How will robo advisory disrupt the ETF market?
Robo advisory has the potential to disrupt the ETF market and wealth management industry. However, its effects are likely limited, leading to cost reduction rather than displacing bankers, according to experts at The Asset 3rd ETF Asia Summit in Taipei.
“Robo is disrupting the industry,” says Steven Seow, head of wealth management for Asia at Mercer, at the ETF summit. “Critical [to the] success of robo is the underlying investment capability, not just technology.”
Panel: Digitalization, robo-advisory and its impact on ETFs, at The Asset 3rd ETF Asia Summit in Taipei, September 12.
ETF is considered a cheaper investment tool compared to other asset classes.
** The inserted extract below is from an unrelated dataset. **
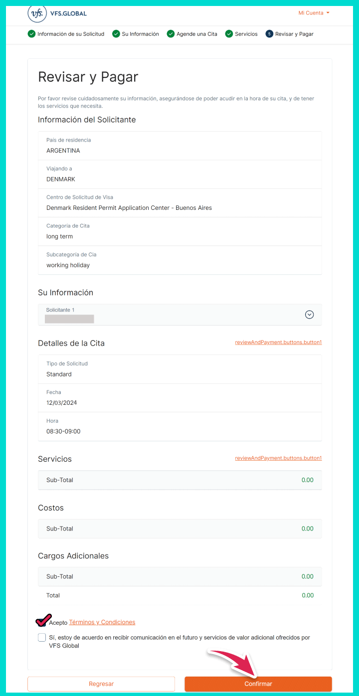 Ahí deberán pagar la Tarifa de procesamiento de VFS: El costo es de EUR 113 (ARS 191,677.63), y se paga en pesos argentinos.
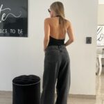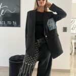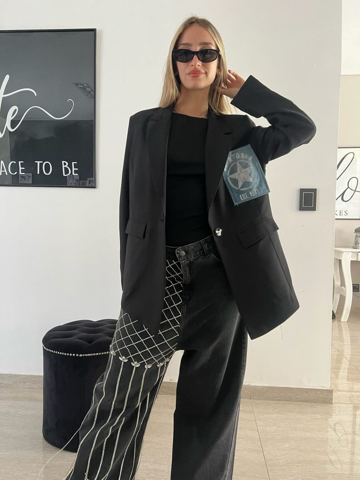 Pantalón con diseño artesanal de rombos en strass y tiro caído, súper original y protagonista. Ideal para looks de noche o streetstyle.

Market experts expect that the wider use of robo advisory will further lower costs in the industry.
“The disruption is bringing down the cost, such as [how] ETFs have done with active funds,” says Pradeep Pant, head of retail and private banking for Taiwan at ANZ. “Robo advisory is about personalizing at lower cost,” adds Steve Yang, senior partner and head of Taiwan and Greater China at Prive Financial.
In the short term, while technology can replace some manual work, it is unlikely that bankers will be fully displaced by robo advisory technology. “Distribution is still largely from intermediaries – banks or asset managers,” says Yang. “I have seen a lot of B2C [robo advisors] pivot to working B2B with banks.”
“I have seen a change where clients use technology, but advice still comes from bankers,” adds Pant. “Bankers are unlikely to disappear in next five years, despite technology.”